The High Cost Of Affordable Housing
In this case the price tag sits at upwards of $9 million, part and parcel of Charlotte’s lunatic obsession to include an affordable housing component in the redevelopment of NoDa’s Mecklenburg Mills.
It started back in the early 1990s, when the city approved a $1 million loan to a developer to purchase and rehabilitate the mills, with an eye toward affordable housing, which was followed by an additional city-backed loan of $2.5 million. The rehabilitation, however, never bore fruit and in 2004 the city spent another $800,000 to acquire the first mortgage on the property and maintain the Mills’ 150 affordable-housing units. Two years later, in 2006, the city foreclosed on the property and took possession. Less than five months later, the residents of Mecklenburg Mills had to be evacuated because the building was riddled with structural and safety hazards.
Fast forward to 2007, when the City Council had a chance to sell the albatross property for $4 million to a developer that wanted to rehab the units as straight market-rate housing. The council, in its infinite wisdom, instead pursued an agreement that would have fetched a purchase price of $475,000 and included a promise that at least 75 units would be so-called affordable housing.
The deal fell through and the city, once again, was left holding the bag on the Mills. The property has been a general eyesore and nuisance ever since.
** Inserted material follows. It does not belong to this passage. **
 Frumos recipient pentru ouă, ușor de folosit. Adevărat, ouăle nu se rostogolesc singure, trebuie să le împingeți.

That appeared about to change earlier this year, when developer Jim Sari and the Bainbridge Company offered to purchase the property outright for $600,000. The city, however, apparently is holding out hope for a better deal and – wait for it – one that includes an affordable-housing component.
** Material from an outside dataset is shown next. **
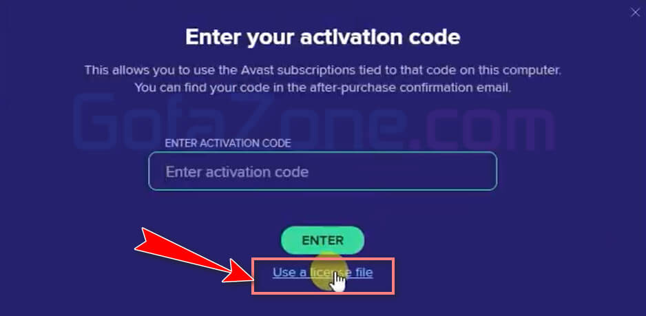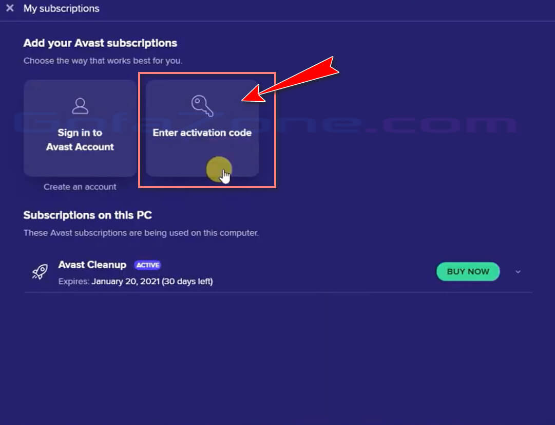 Chọn tùy chọn Enter activation code.

Instead of selling the property, the council’s Housing and Neighborhood Development committee on Monday voted to put the property up for bid this fall, for a purchase price of at least $600,000 and a guarantee that at least 20 percent of the redeveloped units be affordable housing. The full council still needs to vote on the committee’s recommendation, but it’s likely to follow suite.
Given the city’s track record with Mecklenburg Mills, and city staff’s acknowledgment that nobody other than the Sari/Bainbridge venture has actually submitted a purchase offer for the Mills, you’d think that they’d be ready to finally cut bait on the affordable housing front and let the private market turn the property into something other than an embarrassing patch of blight. But that is not the Charlotte way.
The quest for affordable housing as part of Mecklenburg Mills has already cost taxpayers millions of dollars. Don’t be surprised if this latest twist adds to the tab.